Input Block Start

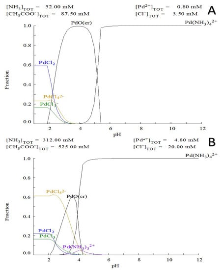 Speciation of palladium ions in the reaction mixture solution of: (A) 0.8 mM Pd(II) ions, 52 mM ammonia, 87.5 mM of acetic acid and 3.5mM chloride anion vs pH; (B) 4.8 mM Pd(II) ions 312 mM ammonia, 525 mM of acetic acid and 20 mM chloride anion modeling the higher concentration in of cross-linking agent in frozen state (Diagram created by Medusa software).
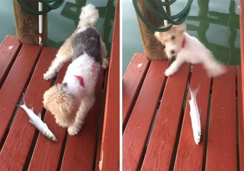 Após inspecionar bastante o animal, o fox terrier leva um susto quando o peixe se debate novamente e acaba caindo na água, deixando seus donos preocupados apesar da cena curiosa.
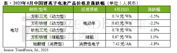 Jul. 5, 2023 ---- 6月中國市場動力電池價格續(xù)跌,但各類產(chǎn)品跌幅開始收斂,據(jù)TrendForce集邦咨詢研究顯示,6月車用方形三元電芯、鐵鋰電芯及軟包型三元動力電芯均價(以下均以人民幣計)月跌幅1~2%,分別跌至人民幣0.74元/Wh、0.65元/Wh和0.78元/Wh,主要是上游材料成本下降,帶動電芯成本向下,需求方面6月動力電池市場需求穩(wěn)步復蘇,已逐漸恢復至2022年第四季水平。
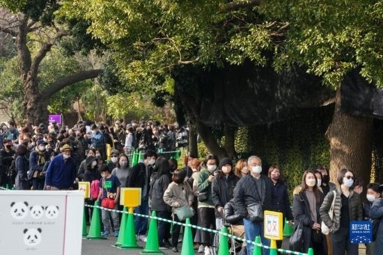 2月19日,在日本東京上野動(dòng)物園,游客排隊(duì)等待與大熊貓“香香”告別。新華社記者 張笑宇 攝
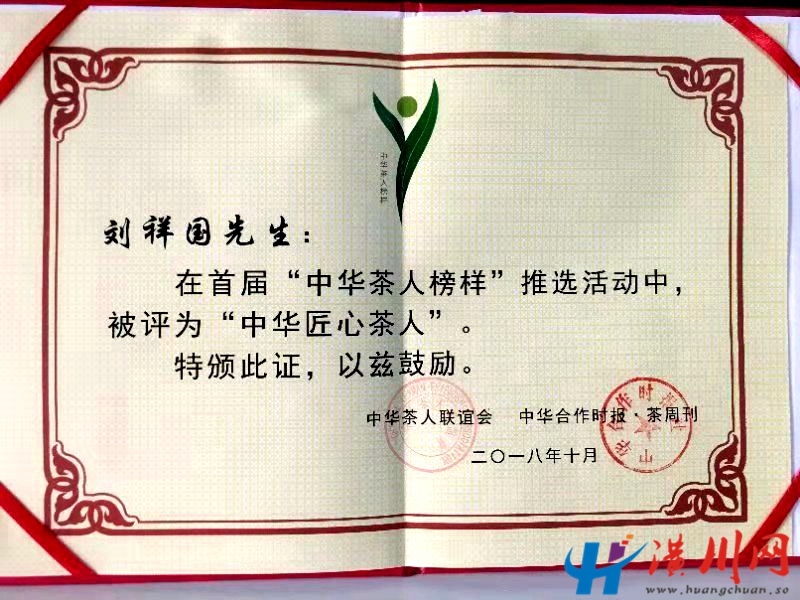 为感谢默默耕耘、无私奉献、勇于创新、具有高尚情操的新时代茶人,近日,由《中华合作时报·茶周刊》承办的“中华茶人榜样”推选活动,河南潢川县光州茶业有限责任公司董事长刘祥国作为河南省唯一入选者,荣获“中华匠心茶人”称号。活动自2018年2月份启动以来,引起全国茶人及在海外推广中国茶文化的华人的高度关注,共有来自全国各省、市、自治区、港澳台地区和日本、韩国、马来西亚、比利时等国家的200多名茶人参加。
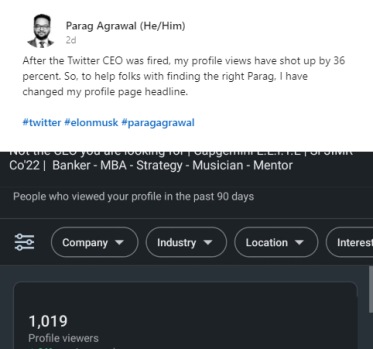 बँकर पराग अग्रवाल याने “लोकांना योग्य पराग शोधण्यात मदत करण्यासाठी…” अशा कॅप्शनसहित ही पोस्ट केली त्यानंतरही अनेकांचा गोंधळच होत होता, शेवटी परागने आपला लिंक्डइन प्रोफाईलचा बायो बदलून “मी तुम्ही शोधत असलेला सीईओ नाही”, असे लिहिले आहे.
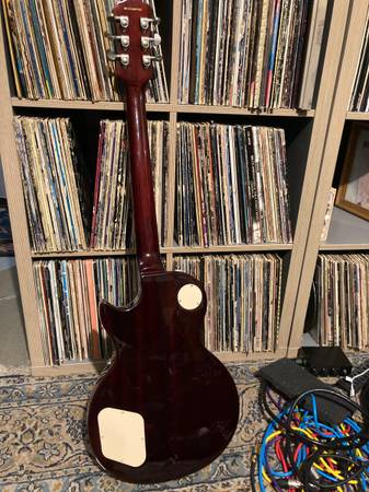 Cool epiphone Gibson reissue. Clean with the exception of some chipping on the knobs and a small finish reaction by the nut from a stand or something that you can see in the pics but no breaks or repairs. Cool more sparkly finish than its Gibson counterparts in my opinion. No case or bag. Thanks for looking
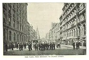 The Park Place station was a station on the demolished IRT Sixth Avenue Line in Manhattan, New York City. It had 2 tracks and two side platforms. It was served by trains from the IRT Sixth Avenue Line and opened on June 5, 1878. It closed on December 4, 1938. The next southbound stop was Cortlandt Street for local trains, and Battery Place for express trains. The next northbound stop was Chambers Street for all trains. The Chambers Street – World Trade Center / Park Place station complex can be found within the vicinity of the former elevated railroad station.
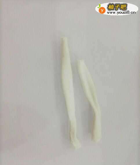 7剪两根稍微带点弹性的布条,我是用旧衣服剪的~两条布条长度稍微错一点,剪成一长一短
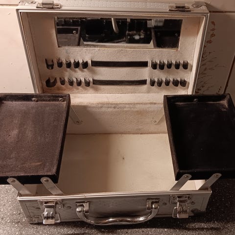 Koffert i grei stand gis bort. Typisk mellomstørrelse.
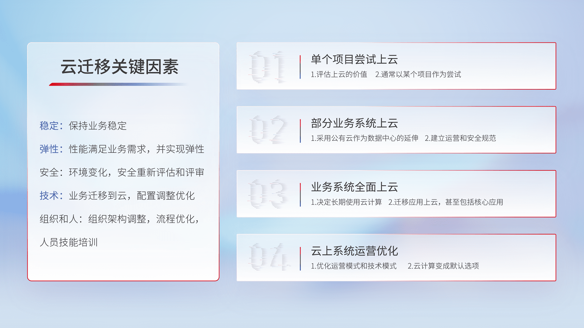 结合实际业务,,,从规划设计、、、云平台选型、、云原生改造、、数据迁移、、集成交付,,,,迁移全过程为客户识别最佳上云路径,,,做好风险识别管理,,,设计网络架构、、、身份权限、、、、安全审计合规、、、、操作审计、、、、日志审计、、、、监控告警策略、、、多站点容灾设计等,,,对云上基础设施进行整体规划,,提升IT治理水平,,,以满足弹性、、、高可用、、、高性能的需求。。。
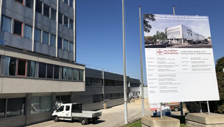 Mit dem Abbruch des alten Verwaltungshochhauses wurde bereits begonnen und wird in den nächsten Wochen sukzessive und fachgerecht durch eine Abbruchfirma abgetragen. Das gesamte Bauprojekt soll dann bis Ende 2024 abgeschlossen sein. (Bildquelle: Schäfer Etiketten / Reynders)
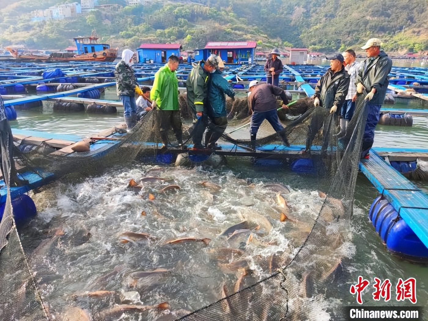 4月16日,宁德三都澳白基湾活水鱼养殖基地内,渔民正在为即将出口韩国的活水鱼收网。范正雄 摄
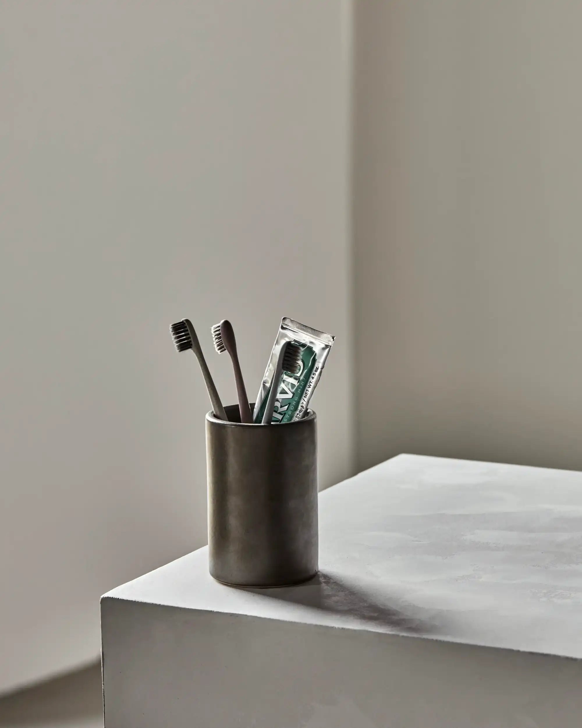 Mit einer Höhe von 12 cm und einem Durchmesser von 8 cm bietet Datura ausreichend Platz für Zahnbürsten, Make-up-Pinsel oder andere Alltagsutensilien. Die Form ist kompakt, aber überraschend geräumig und sorgt für einen gepflegten, stilvollen Raum. Ein vielseitiges Objekt, das Stil und Funktionalität mühelos vereint.
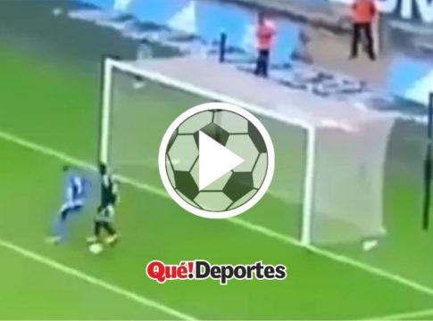 Este portero está realmente logo. Con el balón en el pie y sin la posibilidad de tomarla con la mano hace una la locura de tirar un caño al delantero que lo estaba marcado dentro del área chica. ¡Un loco total!, pero esta bien esta jugada peligrosa sale bien.

Input Block End

Output nothing except an exact copy of the records above, with the images left out.

 Speciation of palladium ions in the reaction mixture solution of: (A) 0.8 mM Pd(II) ions, 52 mM ammonia, 87.5 mM of acetic acid and 3.5mM chloride anion vs pH; (B) 4.8 mM Pd(II) ions 312 mM ammonia, 525 mM of acetic acid and 20 mM chloride anion modeling the higher concentration in of cross-linking agent in frozen state (Diagram created by Medusa software).
 Após inspecionar bastante o animal, o fox terrier leva um susto quando o peixe se debate novamente e acaba caindo na água, deixando seus donos preocupados apesar da cena curiosa.
 Jul. 5, 2023 ---- 6月中國市場動力電池價格續(xù)跌,但各類產(chǎn)品跌幅開始收斂,據(jù)TrendForce集邦咨詢研究顯示,6月車用方形三元電芯、鐵鋰電芯及軟包型三元動力電芯均價(以下均以人民幣計)月跌幅1~2%,分別跌至人民幣0.74元/Wh、0.65元/Wh和0.78元/Wh,主要是上游材料成本下降,帶動電芯成本向下,需求方面6月動力電池市場需求穩(wěn)步復蘇,已逐漸恢復至2022年第四季水平。
 2月19日,在日本東京上野動(dòng)物園,游客排隊(duì)等待與大熊貓“香香”告別。新華社記者 張笑宇 攝
 为感谢默默耕耘、无私奉献、勇于创新、具有高尚情操的新时代茶人,近日,由《中华合作时报·茶周刊》承办的“中华茶人榜样”推选活动,河南潢川县光州茶业有限责任公司董事长刘祥国作为河南省唯一入选者,荣获“中华匠心茶人”称号。活动自2018年2月份启动以来,引起全国茶人及在海外推广中国茶文化的华人的高度关注,共有来自全国各省、市、自治区、港澳台地区和日本、韩国、马来西亚、比利时等国家的200多名茶人参加。
 बँकर पराग अग्रवाल याने “लोकांना योग्य पराग शोधण्यात मदत करण्यासाठी…” अशा कॅप्शनसहित ही पोस्ट केली त्यानंतरही अनेकांचा गोंधळच होत होता, शेवटी परागने आपला लिंक्डइन प्रोफाईलचा बायो बदलून “मी तुम्ही शोधत असलेला सीईओ नाही”, असे लिहिले आहे.
 Cool epiphone Gibson reissue. Clean with the exception of some chipping on the knobs and a small finish reaction by the nut from a stand or something that you can see in the pics but no breaks or repairs. Cool more sparkly finish than its Gibson counterparts in my opinion. No case or bag. Thanks for looking
 The Park Place station was a station on the demolished IRT Sixth Avenue Line in Manhattan, New York City. It had 2 tracks and two side platforms. It was served by trains from the IRT Sixth Avenue Line and opened on June 5, 1878. It closed on December 4, 1938. The next southbound stop was Cortlandt Street for local trains, and Battery Place for express trains. The next northbound stop was Chambers Street for all trains. The Chambers Street – World Trade Center / Park Place station complex can be found within the vicinity of the former elevated railroad station.
 7剪两根稍微带点弹性的布条,我是用旧衣服剪的~两条布条长度稍微错一点,剪成一长一短
 Koffert i grei stand gis bort. Typisk mellomstørrelse.
 结合实际业务,,,从规划设计、、、云平台选型、、云原生改造、、数据迁移、、集成交付,,,,迁移全过程为客户识别最佳上云路径,,,做好风险识别管理,,,设计网络架构、、、身份权限、、、、安全审计合规、、、、操作审计、、、、日志审计、、、、监控告警策略、、、多站点容灾设计等,,,对云上基础设施进行整体规划,,提升IT治理水平,,,以满足弹性、、、高可用、、、高性能的需求。。。
 Mit dem Abbruch des alten Verwaltungshochhauses wurde bereits begonnen und wird in den nächsten Wochen sukzessive und fachgerecht durch eine Abbruchfirma abgetragen. Das gesamte Bauprojekt soll dann bis Ende 2024 abgeschlossen sein. (Bildquelle: Schäfer Etiketten / Reynders)
 4月16日,宁德三都澳白基湾活水鱼养殖基地内,渔民正在为即将出口韩国的活水鱼收网。范正雄 摄
 Mit einer Höhe von 12 cm und einem Durchmesser von 8 cm bietet Datura ausreichend Platz für Zahnbürsten, Make-up-Pinsel oder andere Alltagsutensilien. Die Form ist kompakt, aber überraschend geräumig und sorgt für einen gepflegten, stilvollen Raum. Ein vielseitiges Objekt, das Stil und Funktionalität mühelos vereint.
 Este portero está realmente logo. Con el balón en el pie y sin la posibilidad de tomarla con la mano hace una la locura de tirar un caño al delantero que lo estaba marcado dentro del área chica. ¡Un loco total!, pero esta bien esta jugada peligrosa sale bien.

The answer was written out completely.